Recorded data
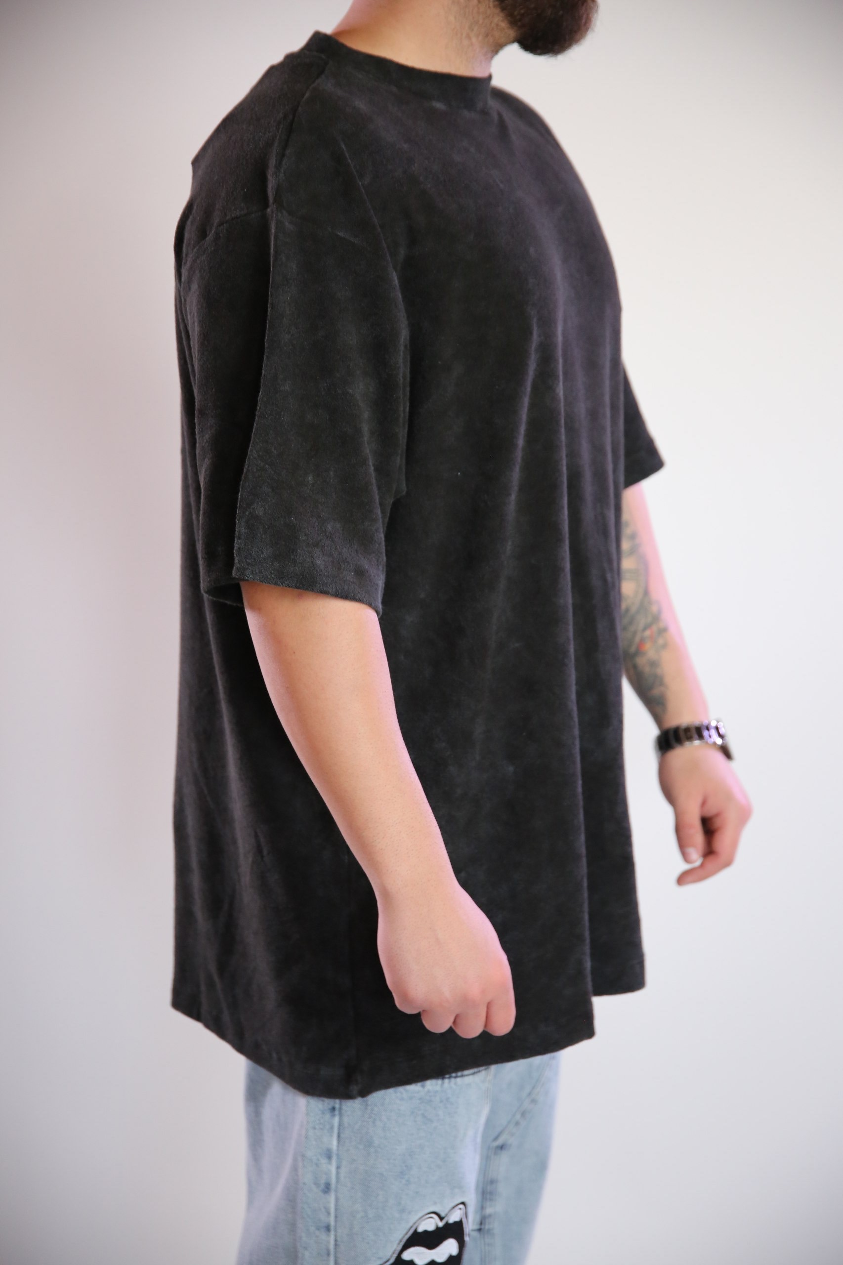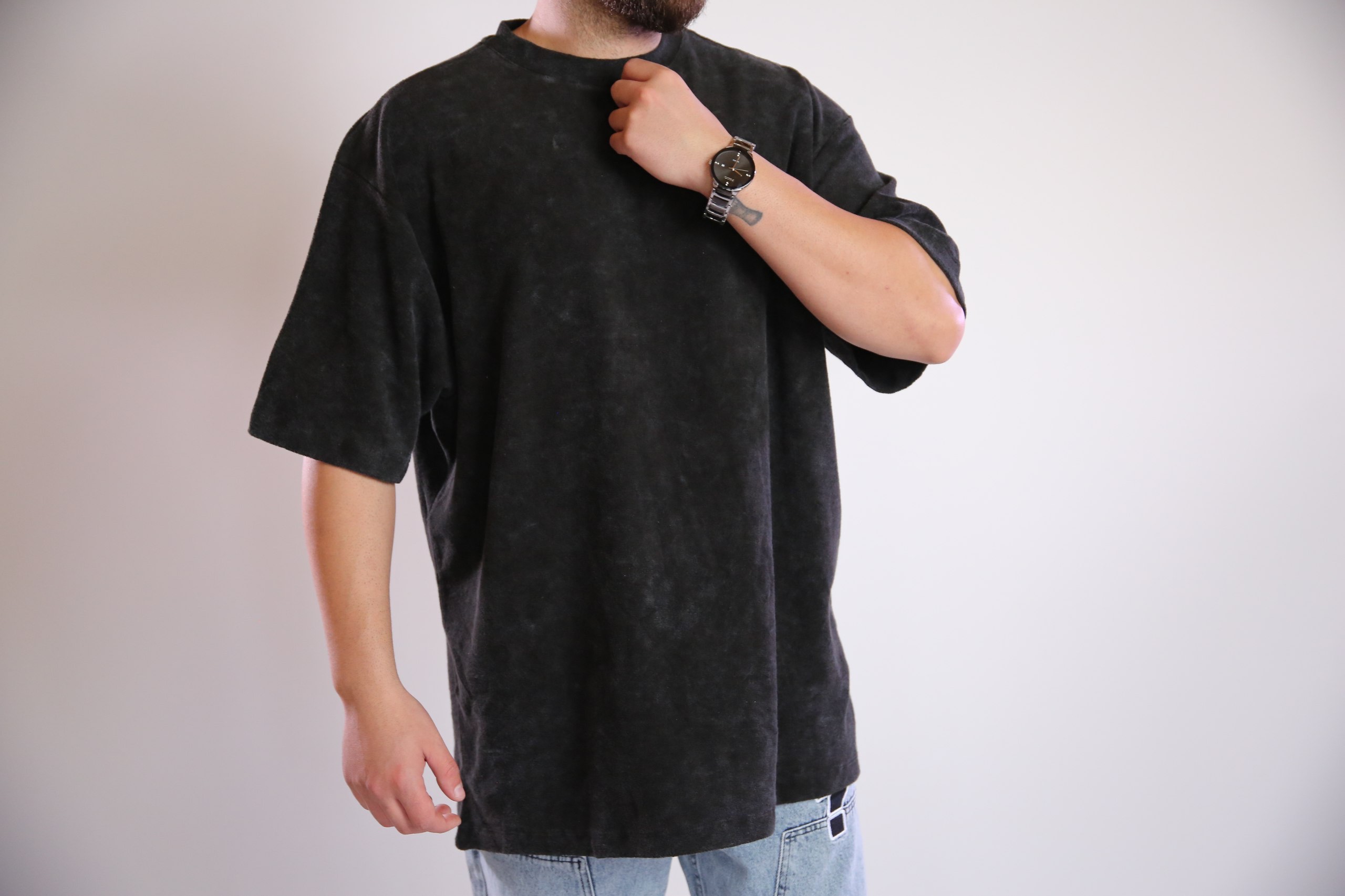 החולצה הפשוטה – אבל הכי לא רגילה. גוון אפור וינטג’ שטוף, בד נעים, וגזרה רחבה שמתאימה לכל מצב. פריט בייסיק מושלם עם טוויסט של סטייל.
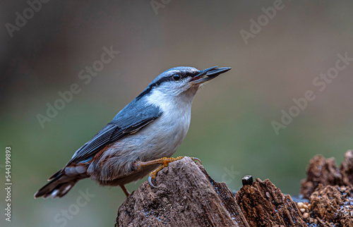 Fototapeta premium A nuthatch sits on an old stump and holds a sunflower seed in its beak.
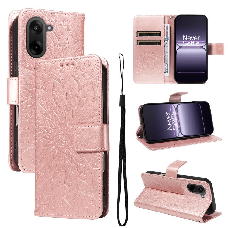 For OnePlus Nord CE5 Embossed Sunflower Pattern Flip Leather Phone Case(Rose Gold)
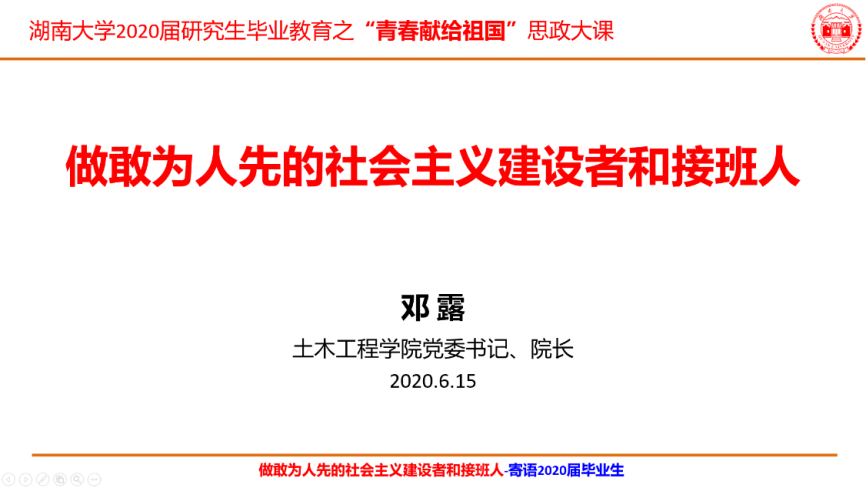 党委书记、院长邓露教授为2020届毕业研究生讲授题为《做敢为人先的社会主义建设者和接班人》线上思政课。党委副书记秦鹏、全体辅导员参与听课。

What is needed
Would you copy all of the data exactly? Keep the pictures out of it.

Result of this task
 החולצה הפשוטה – אבל הכי לא רגילה. גוון אפור וינטג’ שטוף, בד נעים, וגזרה רחבה שמתאימה לכל מצב. פריט בייסיק מושלם עם טוויסט של סטייל.
 Fototapeta premium A nuthatch sits on an old stump and holds a sunflower seed in its beak.
 For OnePlus Nord CE5 Embossed Sunflower Pattern Flip Leather Phone Case(Rose Gold)
 党委书记、院长邓露教授为2020届毕业研究生讲授题为《做敢为人先的社会主义建设者和接班人》线上思政课。党委副书记秦鹏、全体辅导员参与听课。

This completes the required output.